• _PROBLEM REQUIREMENTS_: Please output only the lines running from the one that contains "当地时间10月6日,央视记者" through the last line of the data below, exactly as they stand, with no pictures.

[Stored data entries]
_ _ _ _
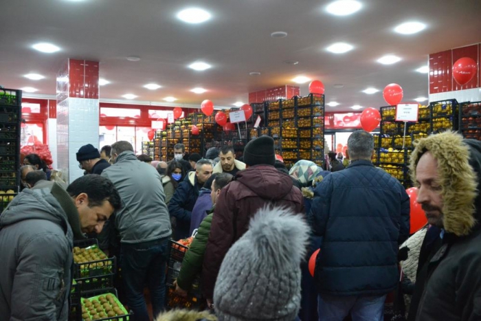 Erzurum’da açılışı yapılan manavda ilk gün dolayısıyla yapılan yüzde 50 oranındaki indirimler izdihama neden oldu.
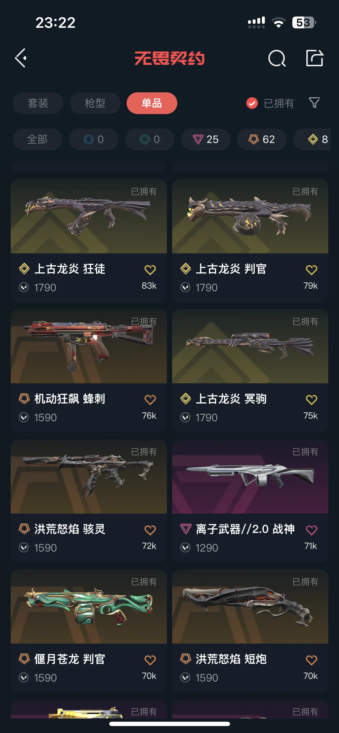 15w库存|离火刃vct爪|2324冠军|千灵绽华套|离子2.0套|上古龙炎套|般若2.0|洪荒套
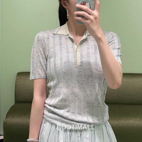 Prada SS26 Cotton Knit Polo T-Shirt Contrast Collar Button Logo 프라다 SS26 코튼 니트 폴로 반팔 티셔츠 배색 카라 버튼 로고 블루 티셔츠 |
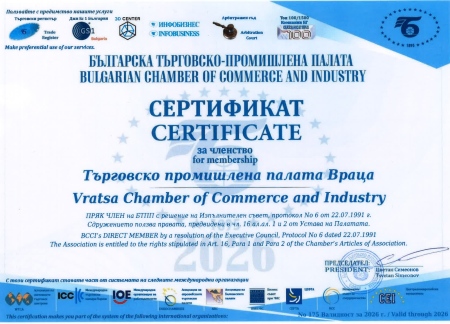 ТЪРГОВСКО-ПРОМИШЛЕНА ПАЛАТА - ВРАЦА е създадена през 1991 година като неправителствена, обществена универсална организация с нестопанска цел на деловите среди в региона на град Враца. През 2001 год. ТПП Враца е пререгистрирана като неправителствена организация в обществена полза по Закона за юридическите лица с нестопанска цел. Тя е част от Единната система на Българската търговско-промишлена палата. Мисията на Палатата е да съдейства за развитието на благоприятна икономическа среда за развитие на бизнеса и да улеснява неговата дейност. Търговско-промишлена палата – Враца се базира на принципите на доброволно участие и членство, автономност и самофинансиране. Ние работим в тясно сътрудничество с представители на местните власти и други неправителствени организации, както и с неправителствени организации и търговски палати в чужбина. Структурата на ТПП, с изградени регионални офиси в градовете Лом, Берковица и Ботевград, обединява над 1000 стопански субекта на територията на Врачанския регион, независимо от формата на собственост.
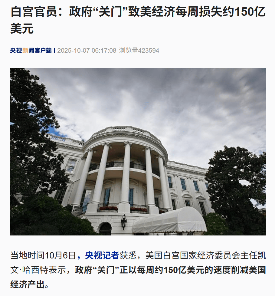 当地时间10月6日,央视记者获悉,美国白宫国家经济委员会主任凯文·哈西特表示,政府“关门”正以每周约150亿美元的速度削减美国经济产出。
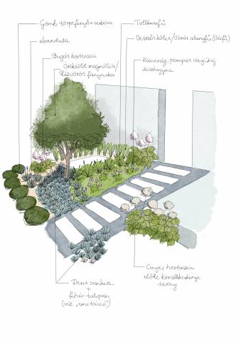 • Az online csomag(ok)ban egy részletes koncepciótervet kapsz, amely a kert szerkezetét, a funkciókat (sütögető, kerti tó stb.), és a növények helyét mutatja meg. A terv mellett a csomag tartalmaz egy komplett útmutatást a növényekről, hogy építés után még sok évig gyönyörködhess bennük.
_ _ _ _
• _PROBLEM SOLUTION_:
 当地时间10月6日,央视记者获悉,美国白宫国家经济委员会主任凯文·哈西特表示,政府“关门”正以每周约150亿美元的速度削减美国经济产出。
 • Az online csomag(ok)ban egy részletes koncepciótervet kapsz, amely a kert szerkezetét, a funkciókat (sütögető, kerti tó stb.), és a növények helyét mutatja meg. A terv mellett a csomag tartalmaz egy komplett útmutatást a növényekről, hogy építés után még sok évig gyönyörködhess bennük.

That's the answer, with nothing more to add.